### Supplied data

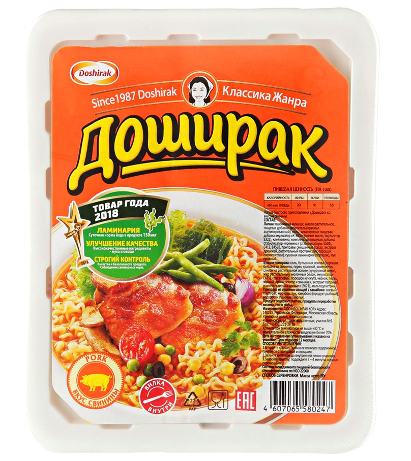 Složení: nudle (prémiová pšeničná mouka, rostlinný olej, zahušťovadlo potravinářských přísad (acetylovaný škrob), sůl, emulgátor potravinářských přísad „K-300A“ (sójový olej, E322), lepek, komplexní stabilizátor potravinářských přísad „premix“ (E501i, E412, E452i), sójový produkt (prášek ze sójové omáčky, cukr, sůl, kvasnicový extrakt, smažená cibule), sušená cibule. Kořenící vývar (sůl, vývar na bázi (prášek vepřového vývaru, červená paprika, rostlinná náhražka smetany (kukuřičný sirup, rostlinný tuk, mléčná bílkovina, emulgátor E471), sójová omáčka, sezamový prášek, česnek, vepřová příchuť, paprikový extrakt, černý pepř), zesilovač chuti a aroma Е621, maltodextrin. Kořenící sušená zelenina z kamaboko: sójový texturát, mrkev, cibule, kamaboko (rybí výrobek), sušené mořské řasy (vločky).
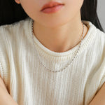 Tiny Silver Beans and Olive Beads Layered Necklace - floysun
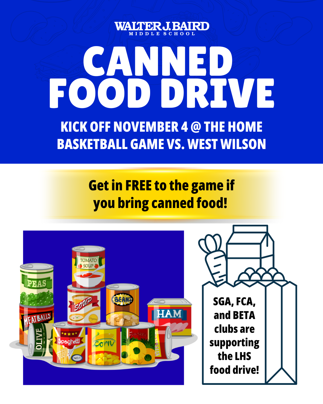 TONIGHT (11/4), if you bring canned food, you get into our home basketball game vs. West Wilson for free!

######

The lines to write out run from the one containing "Tiny Silver Beans" through the final line of the material above, both included; write them out exactly, with no pictures.

 Tiny Silver Beans and Olive Beads Layered Necklace - floysun
 TONIGHT (11/4), if you bring canned food, you get into our home basketball game vs. West Wilson for free!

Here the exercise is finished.